▸ Your assignment:
Look through the data below and output, unchanged, every line from the one holding "botanical painting with" through the one holding "Los platos, vasos", inclusive. Skip the pictures.

▸ The data:
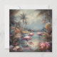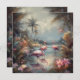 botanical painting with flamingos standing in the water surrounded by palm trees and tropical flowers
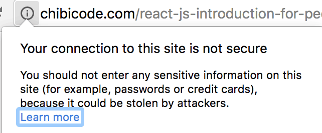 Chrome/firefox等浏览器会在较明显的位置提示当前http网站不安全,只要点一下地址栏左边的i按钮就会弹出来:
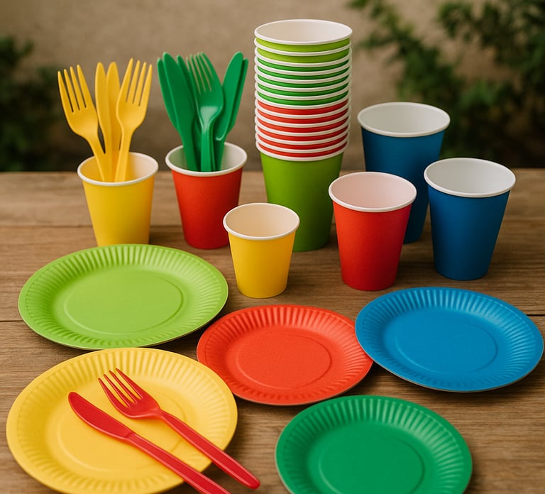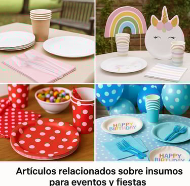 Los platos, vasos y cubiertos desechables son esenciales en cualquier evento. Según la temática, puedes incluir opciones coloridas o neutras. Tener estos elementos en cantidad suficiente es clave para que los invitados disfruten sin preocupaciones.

--

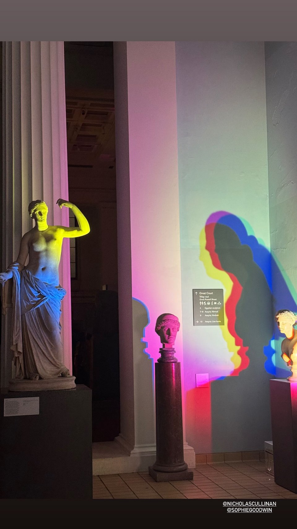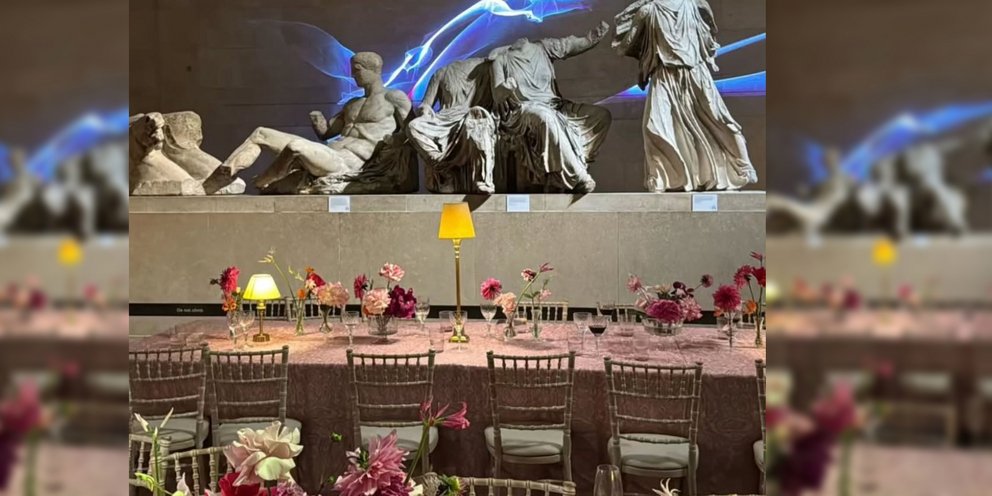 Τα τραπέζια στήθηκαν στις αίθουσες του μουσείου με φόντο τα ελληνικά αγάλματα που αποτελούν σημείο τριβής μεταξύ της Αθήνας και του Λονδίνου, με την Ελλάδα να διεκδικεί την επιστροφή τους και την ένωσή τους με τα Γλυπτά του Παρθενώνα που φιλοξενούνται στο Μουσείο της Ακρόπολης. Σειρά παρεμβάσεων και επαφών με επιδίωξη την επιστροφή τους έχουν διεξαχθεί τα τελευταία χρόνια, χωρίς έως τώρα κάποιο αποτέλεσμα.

--

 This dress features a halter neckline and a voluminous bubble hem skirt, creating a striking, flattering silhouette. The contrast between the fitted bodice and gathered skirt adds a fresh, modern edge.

▸ Answer space:
 botanical painting with flamingos standing in the water surrounded by palm trees and tropical flowers
 Chrome/firefox等浏览器会在较明显的位置提示当前http网站不安全,只要点一下地址栏左边的i按钮就会弹出来:
 Los platos, vasos y cubiertos desechables son esenciales en cualquier evento. Según la temática, puedes incluir opciones coloridas o neutras. Tener estos elementos en cantidad suficiente es clave para que los invitados disfruten sin preocupaciones.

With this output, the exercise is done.